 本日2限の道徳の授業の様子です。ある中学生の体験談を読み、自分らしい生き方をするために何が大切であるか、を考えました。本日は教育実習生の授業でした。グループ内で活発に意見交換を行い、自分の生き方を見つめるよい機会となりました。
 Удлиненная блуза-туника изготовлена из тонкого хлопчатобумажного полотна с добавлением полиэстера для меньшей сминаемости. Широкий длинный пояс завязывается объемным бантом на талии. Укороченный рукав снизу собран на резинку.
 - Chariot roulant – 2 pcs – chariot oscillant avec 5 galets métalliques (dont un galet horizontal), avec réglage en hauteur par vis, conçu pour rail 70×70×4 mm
* * *
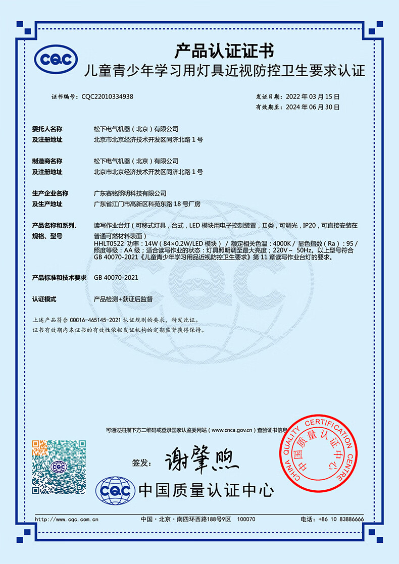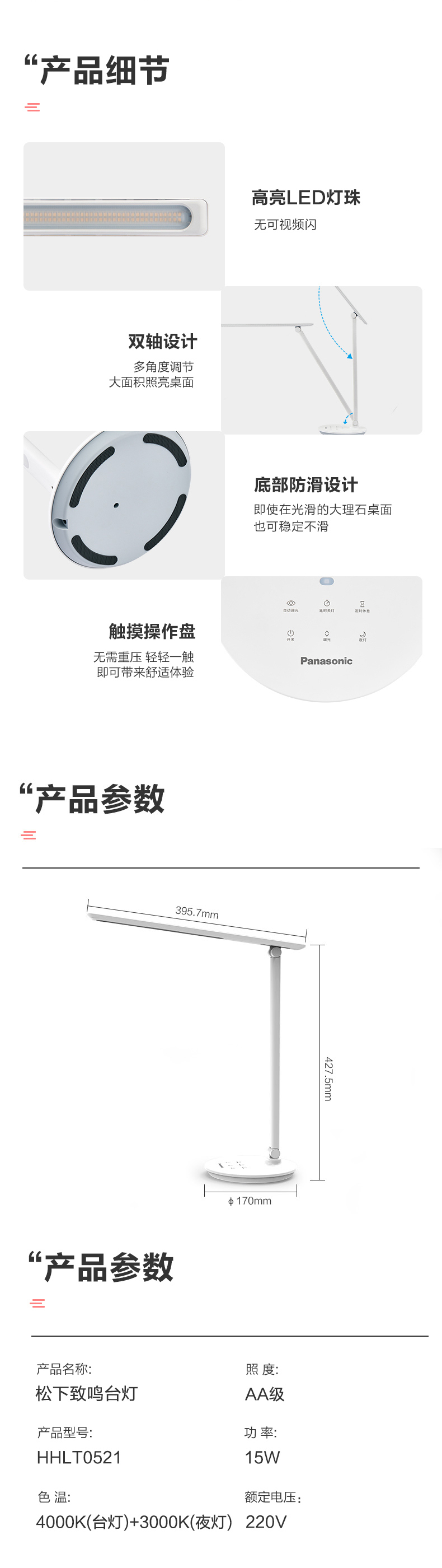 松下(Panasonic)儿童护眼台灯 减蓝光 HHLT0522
---
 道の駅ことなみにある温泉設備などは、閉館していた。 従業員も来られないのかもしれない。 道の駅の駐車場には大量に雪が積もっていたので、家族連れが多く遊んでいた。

## WHAT TO DO:
The reply should hold only the lines of the listing above starting at the line containing "本日2限の道徳の授業の様子で" and ending at the line containing "- Chariot roulant", exactly as written.

## RESULT OF THIS EXERCISE:
 本日2限の道徳の授業の様子です。ある中学生の体験談を読み、自分らしい生き方をするために何が大切であるか、を考えました。本日は教育実習生の授業でした。グループ内で活発に意見交換を行い、自分の生き方を見つめるよい機会となりました。
 Удлиненная блуза-туника изготовлена из тонкого хлопчатобумажного полотна с добавлением полиэстера для меньшей сминаемости. Широкий длинный пояс завязывается объемным бантом на талии. Укороченный рукав снизу собран на резинку.
 - Chariot roulant – 2 pcs – chariot oscillant avec 5 galets métalliques (dont un galet horizontal), avec réglage en hauteur par vis, conçu pour rail 70×70×4 mm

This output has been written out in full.